**TASK DESCRIPTION:** In the records below, find the line containing "進(jìn)入調(diào)" and the line containing "Fendi embody high"; please repeat exactly the lines from one to the other, both included, and nothing more.

**INPUT DATA:**
----------
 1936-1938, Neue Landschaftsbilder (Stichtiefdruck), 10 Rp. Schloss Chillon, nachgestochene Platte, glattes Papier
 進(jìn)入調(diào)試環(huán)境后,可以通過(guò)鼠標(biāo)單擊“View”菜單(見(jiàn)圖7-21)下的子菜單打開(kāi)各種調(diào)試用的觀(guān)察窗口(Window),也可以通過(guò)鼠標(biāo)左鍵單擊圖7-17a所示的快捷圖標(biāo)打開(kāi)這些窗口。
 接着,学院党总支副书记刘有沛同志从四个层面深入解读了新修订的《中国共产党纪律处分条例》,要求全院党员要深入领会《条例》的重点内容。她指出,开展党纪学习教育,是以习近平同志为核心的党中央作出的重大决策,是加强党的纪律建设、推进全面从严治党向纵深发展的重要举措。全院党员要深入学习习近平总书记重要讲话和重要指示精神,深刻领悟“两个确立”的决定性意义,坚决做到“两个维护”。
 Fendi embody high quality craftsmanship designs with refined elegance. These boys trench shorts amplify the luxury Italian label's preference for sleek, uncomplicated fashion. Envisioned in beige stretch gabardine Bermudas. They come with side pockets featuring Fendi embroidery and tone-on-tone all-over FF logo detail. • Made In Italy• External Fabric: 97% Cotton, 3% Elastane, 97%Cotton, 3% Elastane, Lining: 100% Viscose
----------
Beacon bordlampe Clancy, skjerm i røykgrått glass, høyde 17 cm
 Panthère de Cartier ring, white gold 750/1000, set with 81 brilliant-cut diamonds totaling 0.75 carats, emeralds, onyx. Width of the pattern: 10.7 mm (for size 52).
----------
**RESPONSE AREA:**
 進(jìn)入調(diào)試環(huán)境后,可以通過(guò)鼠標(biāo)單擊“View”菜單(見(jiàn)圖7-21)下的子菜單打開(kāi)各種調(diào)試用的觀(guān)察窗口(Window),也可以通過(guò)鼠標(biāo)左鍵單擊圖7-17a所示的快捷圖標(biāo)打開(kāi)這些窗口。
 接着,学院党总支副书记刘有沛同志从四个层面深入解读了新修订的《中国共产党纪律处分条例》,要求全院党员要深入领会《条例》的重点内容。她指出,开展党纪学习教育,是以习近平同志为核心的党中央作出的重大决策,是加强党的纪律建设、推进全面从严治党向纵深发展的重要举措。全院党员要深入学习习近平总书记重要讲话和重要指示精神,深刻领悟“两个确立”的决定性意义,坚决做到“两个维护”。
 Fendi embody high quality craftsmanship designs with refined elegance. These boys trench shorts amplify the luxury Italian label's preference for sleek, uncomplicated fashion. Envisioned in beige stretch gabardine Bermudas. They come with side pockets featuring Fendi embroidery and tone-on-tone all-over FF logo detail. • Made In Italy• External Fabric: 97% Cotton, 3% Elastane, 97%Cotton, 3% Elastane, Lining: 100% Viscose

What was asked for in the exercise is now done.